Obviously, when you enter the race this late, you've got some catching up to do. While no one's sure what Governor Patrick is thinking, Mayor Bloomberg is doing what he does best – opening up his massive checkbook to carpet bomb the electorate with a new :60 bio ad to introduce him to America. And to make sure we know he's as serious as a muni bond, he'll be spending $30 million dollars this week, almost all of it on television.
That's created quite a stir among the other 73 Democratic candidates, as well as many pundits, wondering about the ethics of trying to buy an election. Of course, this strategy has been tried before, most recently by Jeb Bush and Hillary Clinton, apparently to no avail. But that's not stopping Mayor Bloomberg whose money machine will now go to work in two dozen states and 100 media markets.
The chart below shows just how clearly gigundous Bloomberg's campaign spending spree is shaping up to be, compared to his less deep-pocketed Lilliputian competitors:
Here are some of the reactions to Mayor Bloomerberg's TV media strategy from The New York Times,and other publications:
“I'm disgusted by the idea that Michael Bloomberg or any other billionaire thinks they can circumvent the political process and spend tens of millions of dollars to buy our elections.” – Senator Bernie Sanders
“Swell. Another billionaire who thinks the Democratic nomination is for sale.” – Governor Steve Bullock
“(Voters) are tired of all the money in the world that's at the top, and I don't think they want that at the top of our country.” – Senator Amy Klobuchar
“There are limits to what money can do.” – Andrew Yang
“(Bloomberg) has got some personal problems.” – President Donald J. Trump
“Holy S#&@! Where's radio?” – Erica Farber
I feel your pain, Erica.
At a time when we're all watching Netflix, Hulu, Amazon Prime, and “The Little Mermaid” on Disney+, Bloomberg is dumping $30 big ones in a medium on the ropes – broadcast television. That may salvage their already horrible year. But is it a good media buy?
If the goal is to reach America, cutting radio out of this massive buy (or apparently not even considering it), sure looks like a missed opportunity. The Bloomberg campaign could certainly get a lot more bang for their bucks, while easily being able to target core voters on the Democratic side, while avoiding conservative talk radio (sorry, Rush).
But the real question surrounding Bloomberg's campaign strategy once again points to broadcast radio's image in the advertising and political communities.
Even if radio got its lousy 8% of this massive buy, that Q4 windfall would net out to more than $2 million in radio's coffers right at the end of another challenging year. And I'm sure many radio companies would toss in live reads and remotes from Bloomberg campaign offices just to sweeten the deal.
What does perhaps the biggest one-week political buy in history (outside a general election) say about radio's existential problem surrounding the industry's perceptions? And why aren't radio broadcasters more up in arms about it?
It's not as if radio execs aren't aware of audience perceptions. They know when their Active Rock station has the “too much talk” image, when their Country station wins the “too many commercials” hill, and how much their Hot AC owns the “plays too many bad songs along with the good ones.”

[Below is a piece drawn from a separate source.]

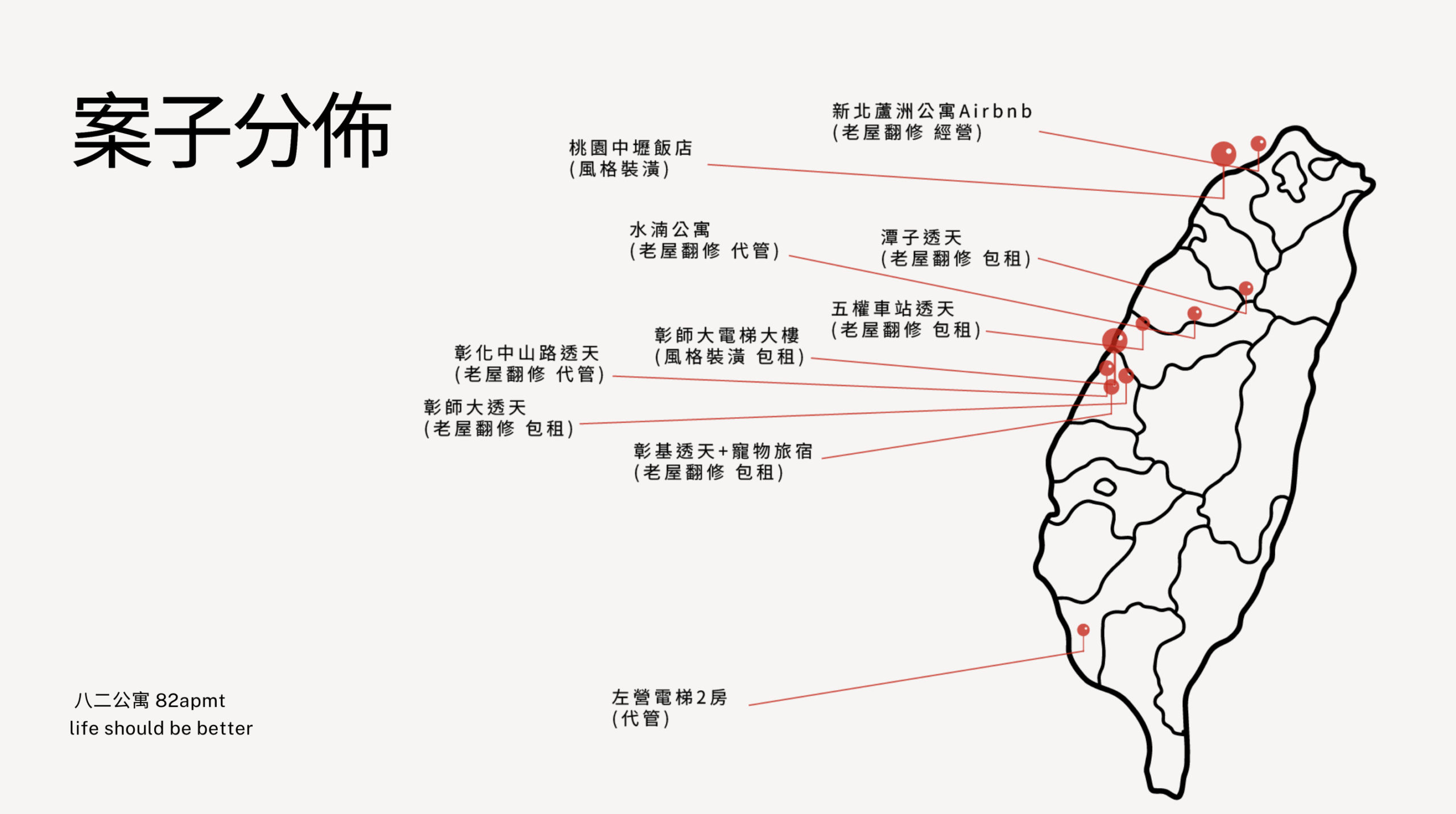 Life should be better生活該是,十分美好 包租代管、收租規劃、老屋翻新Management/DesignRenovation 我們誕生於2021年春天,專注於房屋規劃、出租與管理 Perfection In Every Step We Take.我們每一步都臻於完美。 Life should be better Quality. Safety. Reliability 年專業經驗Digital Contracts 0 + 電子化簽約管理Digital Contracts 0 % 管理中房源Managed Properties 0 + 改造房屋Homes Renovated 0 + 改造案例 更多案例 我們的案子 我們的服務 Our services 包租服務 穩定收租・無後顧之憂 代管服務 彈性委託・安心透明 代租服務 一次合作・找到好租客 老屋翻新 讓空間重拾價值與溫度 我是房客 了解房源 我是房東 管理房屋

But they're apparently oblivious to the reality that in advertising circles, the “reach king” – broadcast radio – is often a media buyer's afterthought. Radio's only hope this quarter is that a bunch of those targeted TV stations in the Bloomberg mega-buy are already sold out this quarter, perhaps necessitating some token ad spend on radio to fill in their GRP goals.

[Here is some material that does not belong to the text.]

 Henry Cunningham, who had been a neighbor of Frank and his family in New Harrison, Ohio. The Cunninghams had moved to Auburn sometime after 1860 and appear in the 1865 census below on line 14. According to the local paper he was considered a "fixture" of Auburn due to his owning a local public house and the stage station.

At a time when audio couldn't be hotter, radio continues to take a back seat to streaming, satellite radio, and podcasting – none of whose reach can touch broadcast radio's. And as we learned from an Edison study at last week's Forecast 2020, agencies and media buyers are often hard pressed to even buy ads on many streaming platforms and most satellite radio channels. On top of that, half of Americans have never listened to a podcast. You tell me which is the most efficient, effective audio advertising medium.
Compared to broadcast radio, no other audio medium or platform even comes close. When it comes to reaching the most “ears,” broadcast radio still looks strong despite the exponential acceleration of competition. But don't try to make that case to marketers or political consultants.
They'll very likely turn a deaf ear.
I was honored last week to moderate a discussion that concluded Radio Ink's Forecast 2020 conference in New York City. David Field and Mary Berner were kind enough to handle my questions about broadcast radio's many challenges – appealing to Gen Z, discovering and growing new talent, incentivizing programmers and sellers for digital growth, and how to best build a podcasting strategy.
But we also had an adult conversation about broadcast radio's image deficit – with consumers and with advertisers. And like most members of the audience, there is no easy answer or turn-key solution to the problem.
This latest snub by one of the richest men in the land is another sorry sign radio is simply not getting a fair share.
So, it will be interesting when all those politicians traipse into your markets and stop by your radio stations in 2020, eager to speak to their constituents courtesy of your airwaves.
You might ask them to bring along their affidavits. It would be good to know how many supported broadcast radio with their campaign funds during the primaries.
In the meantime, the biggest election of our lifetimes is on the horizon, and already, broadcast radio is playing from behind. Addressing the industry's image deficit is key if broadcast radio CEOs are smiling come next November.
Maybe radio should steal a page from the Bloomberg playbook as the medium reaches its centennial anniversary milestone.
Cut a TV spot that reintroduces radio to America.
And be sure to set aside $30 million to make sure everyone sees it.